I have a large CSV file which I need to manipulate w/ Pandas. Reading the documentation, I see that choosing engine='c'
could help speed up the process. The documentation notes that to use this feature, you must declare the data types. So here is my first attempt:
data_types = {
'AccountNumber': object,
'AccountName': object,
'StatsDate': datetime,
'InvoiceDate': datetime,
'Product': object,
'LineItem': object,
'Charges': np.float64
}
df = pd.read_csv('accounting_worksheet.csv',
engine='c',
dtype=data_types,
encoding='utf-8')
However, Pandas did not recognize the items declared as datetime:
In [10]: df.info()
<class 'pandas.core.frame.DataFrame'>
Int64Index: 3669868 entries, 0 to 3669867
Data columns (total 9 columns):
AccountNumber object
AccountName object
StatsDate object
InvoiceDate object
Product object
LineItem object
Charges float64
dtypes: float64(1), object(6)
So digging around on StackOverflow I found two posts that seemed helpful and tried this instead:
import datetime
def parse_dates(x):
return datetime.strptime(x,'%m/%d/%Y')
data_types = {
'AccountNumber': object,
'AccountName': object,
'StatsDate': datetime,
'InvoiceDate': datetime,
'Product': object,
'LineItem': object,
'Charges': np.float64
}
df = pd.read_csv('accounting_worksheet.csv',
engine='c',
dtype=data_types,
parse_dates=['StatsDate','InvoiceDate'],
date_parser=parse_dates,
encoding='utf-8')
This time, I get the correct dtypes, but it took a few minutes to import the file:
In [14]: df.info()
<class 'pandas.core.frame.DataFrame'>
Int64Index: 3669868 entries, 0 to 3669867
Data columns (total 9 columns):
AccountNumber object
AccountName object
StatsDate datetime64[ns]
InvoiceDate datetime64[ns]
Product object
LineItem object
Charges float64
dtypes: datetime64[ns](2), float64(1), object(4)
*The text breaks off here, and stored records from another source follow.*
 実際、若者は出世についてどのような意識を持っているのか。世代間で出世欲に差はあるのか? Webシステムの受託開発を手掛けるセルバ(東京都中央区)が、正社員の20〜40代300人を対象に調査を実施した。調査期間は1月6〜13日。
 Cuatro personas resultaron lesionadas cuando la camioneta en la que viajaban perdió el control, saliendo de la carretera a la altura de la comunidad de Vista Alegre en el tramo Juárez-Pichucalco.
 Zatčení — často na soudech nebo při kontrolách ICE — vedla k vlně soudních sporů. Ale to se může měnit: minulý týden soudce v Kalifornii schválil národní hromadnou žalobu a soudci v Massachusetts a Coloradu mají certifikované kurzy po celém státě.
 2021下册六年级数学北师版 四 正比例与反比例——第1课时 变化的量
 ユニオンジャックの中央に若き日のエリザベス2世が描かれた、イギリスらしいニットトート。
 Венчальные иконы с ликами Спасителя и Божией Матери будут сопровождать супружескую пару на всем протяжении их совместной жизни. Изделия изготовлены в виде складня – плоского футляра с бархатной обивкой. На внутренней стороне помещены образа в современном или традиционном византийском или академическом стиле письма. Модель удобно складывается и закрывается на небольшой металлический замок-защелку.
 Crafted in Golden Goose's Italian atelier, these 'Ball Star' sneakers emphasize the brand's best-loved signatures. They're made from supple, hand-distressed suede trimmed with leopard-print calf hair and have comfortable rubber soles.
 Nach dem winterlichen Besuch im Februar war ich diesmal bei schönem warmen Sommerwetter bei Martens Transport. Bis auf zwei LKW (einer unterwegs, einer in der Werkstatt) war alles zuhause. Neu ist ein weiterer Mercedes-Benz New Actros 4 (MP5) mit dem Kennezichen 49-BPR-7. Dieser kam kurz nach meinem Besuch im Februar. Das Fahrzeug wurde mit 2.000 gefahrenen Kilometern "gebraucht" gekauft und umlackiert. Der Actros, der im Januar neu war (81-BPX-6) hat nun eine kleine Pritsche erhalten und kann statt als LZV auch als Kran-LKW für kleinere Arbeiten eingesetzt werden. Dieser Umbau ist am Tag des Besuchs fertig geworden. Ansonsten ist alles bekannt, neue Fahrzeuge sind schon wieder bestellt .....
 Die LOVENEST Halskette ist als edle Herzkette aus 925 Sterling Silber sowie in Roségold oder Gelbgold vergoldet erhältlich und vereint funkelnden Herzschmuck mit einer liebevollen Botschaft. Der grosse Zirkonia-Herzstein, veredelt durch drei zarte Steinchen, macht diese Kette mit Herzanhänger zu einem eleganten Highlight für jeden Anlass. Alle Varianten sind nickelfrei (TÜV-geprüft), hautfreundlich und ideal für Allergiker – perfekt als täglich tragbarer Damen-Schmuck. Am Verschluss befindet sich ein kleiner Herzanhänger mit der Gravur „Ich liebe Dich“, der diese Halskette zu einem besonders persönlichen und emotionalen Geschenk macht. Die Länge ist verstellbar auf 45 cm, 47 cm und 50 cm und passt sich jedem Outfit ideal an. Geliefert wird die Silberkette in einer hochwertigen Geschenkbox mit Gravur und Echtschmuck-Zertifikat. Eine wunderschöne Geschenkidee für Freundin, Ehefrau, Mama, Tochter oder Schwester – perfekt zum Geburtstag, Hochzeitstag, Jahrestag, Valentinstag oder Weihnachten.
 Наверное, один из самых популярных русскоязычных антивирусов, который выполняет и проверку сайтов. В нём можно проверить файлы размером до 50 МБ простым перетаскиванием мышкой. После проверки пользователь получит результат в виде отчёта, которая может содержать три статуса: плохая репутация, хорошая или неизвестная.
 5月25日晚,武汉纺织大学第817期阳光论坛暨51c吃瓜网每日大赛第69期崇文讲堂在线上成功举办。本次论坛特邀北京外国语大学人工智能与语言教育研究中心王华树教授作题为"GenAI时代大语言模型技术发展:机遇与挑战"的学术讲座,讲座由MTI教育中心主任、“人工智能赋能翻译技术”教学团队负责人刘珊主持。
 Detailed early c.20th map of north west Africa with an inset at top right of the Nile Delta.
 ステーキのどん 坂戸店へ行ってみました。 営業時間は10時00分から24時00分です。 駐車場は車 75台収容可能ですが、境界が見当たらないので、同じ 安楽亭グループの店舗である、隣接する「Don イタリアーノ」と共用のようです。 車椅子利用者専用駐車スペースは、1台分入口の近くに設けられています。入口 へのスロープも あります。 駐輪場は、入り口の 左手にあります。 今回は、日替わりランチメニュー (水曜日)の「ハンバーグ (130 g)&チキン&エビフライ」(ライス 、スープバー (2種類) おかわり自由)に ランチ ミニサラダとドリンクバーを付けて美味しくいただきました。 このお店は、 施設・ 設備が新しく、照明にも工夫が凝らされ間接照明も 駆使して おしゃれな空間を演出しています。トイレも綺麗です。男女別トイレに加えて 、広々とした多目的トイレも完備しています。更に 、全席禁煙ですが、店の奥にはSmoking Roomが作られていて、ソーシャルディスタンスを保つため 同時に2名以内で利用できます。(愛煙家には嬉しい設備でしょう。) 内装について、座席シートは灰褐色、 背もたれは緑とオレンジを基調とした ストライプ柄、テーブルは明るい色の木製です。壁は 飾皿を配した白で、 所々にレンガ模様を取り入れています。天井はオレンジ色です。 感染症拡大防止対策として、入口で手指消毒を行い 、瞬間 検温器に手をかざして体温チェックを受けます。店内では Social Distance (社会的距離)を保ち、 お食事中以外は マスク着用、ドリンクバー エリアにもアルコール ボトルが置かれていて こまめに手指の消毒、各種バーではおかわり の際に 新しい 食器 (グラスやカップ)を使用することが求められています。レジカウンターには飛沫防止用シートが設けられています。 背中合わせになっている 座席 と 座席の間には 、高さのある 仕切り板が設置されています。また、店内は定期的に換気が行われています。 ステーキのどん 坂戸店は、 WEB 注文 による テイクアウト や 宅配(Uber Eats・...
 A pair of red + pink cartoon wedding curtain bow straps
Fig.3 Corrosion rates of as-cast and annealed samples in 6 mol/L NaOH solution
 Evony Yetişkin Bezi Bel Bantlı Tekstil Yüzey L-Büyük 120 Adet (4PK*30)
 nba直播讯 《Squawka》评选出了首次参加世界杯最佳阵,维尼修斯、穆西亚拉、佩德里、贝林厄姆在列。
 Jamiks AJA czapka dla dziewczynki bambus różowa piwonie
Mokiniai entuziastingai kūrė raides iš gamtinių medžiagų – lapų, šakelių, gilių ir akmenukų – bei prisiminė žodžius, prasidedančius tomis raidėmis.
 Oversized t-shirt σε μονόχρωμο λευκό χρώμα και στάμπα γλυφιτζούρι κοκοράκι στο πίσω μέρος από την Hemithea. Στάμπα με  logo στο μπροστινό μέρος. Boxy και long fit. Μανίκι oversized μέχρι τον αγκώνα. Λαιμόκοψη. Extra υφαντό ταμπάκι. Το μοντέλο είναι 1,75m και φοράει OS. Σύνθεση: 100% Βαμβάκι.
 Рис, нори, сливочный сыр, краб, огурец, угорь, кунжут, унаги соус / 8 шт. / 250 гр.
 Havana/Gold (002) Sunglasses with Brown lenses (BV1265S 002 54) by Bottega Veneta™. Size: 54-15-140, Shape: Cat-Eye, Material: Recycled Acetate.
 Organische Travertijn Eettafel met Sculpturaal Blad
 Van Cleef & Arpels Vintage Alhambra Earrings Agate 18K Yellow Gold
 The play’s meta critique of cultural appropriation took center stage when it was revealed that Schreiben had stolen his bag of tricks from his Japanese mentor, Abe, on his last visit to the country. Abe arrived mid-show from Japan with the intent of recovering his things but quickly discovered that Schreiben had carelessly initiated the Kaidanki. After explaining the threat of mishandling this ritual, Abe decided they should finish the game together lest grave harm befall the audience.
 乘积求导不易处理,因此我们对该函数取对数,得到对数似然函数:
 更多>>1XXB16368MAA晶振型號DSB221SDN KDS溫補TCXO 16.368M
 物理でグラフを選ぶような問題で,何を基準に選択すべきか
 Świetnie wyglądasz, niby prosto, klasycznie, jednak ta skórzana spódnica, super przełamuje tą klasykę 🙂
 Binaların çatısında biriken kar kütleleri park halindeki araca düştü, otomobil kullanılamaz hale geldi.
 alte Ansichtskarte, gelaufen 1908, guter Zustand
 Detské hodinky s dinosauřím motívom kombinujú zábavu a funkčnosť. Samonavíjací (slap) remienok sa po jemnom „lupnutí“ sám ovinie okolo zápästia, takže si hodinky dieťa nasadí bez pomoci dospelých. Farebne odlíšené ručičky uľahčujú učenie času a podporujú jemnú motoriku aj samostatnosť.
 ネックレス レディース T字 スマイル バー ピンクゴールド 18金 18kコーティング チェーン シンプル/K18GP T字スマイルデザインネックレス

For now, I've resorted to the first method outlined here, then after importing running this:
df['StatsDate'] = pd.to_datetime(df['StatsDate'],format='%m/%d/%Y')
df['InvoiceDate'] = pd.to_datetime(df['InvoiceDate'],format='%m/%d/%Y')
This file will continue to grow in size, so I'm looking for the most optimized way of doing this. Is there a more efficient solution?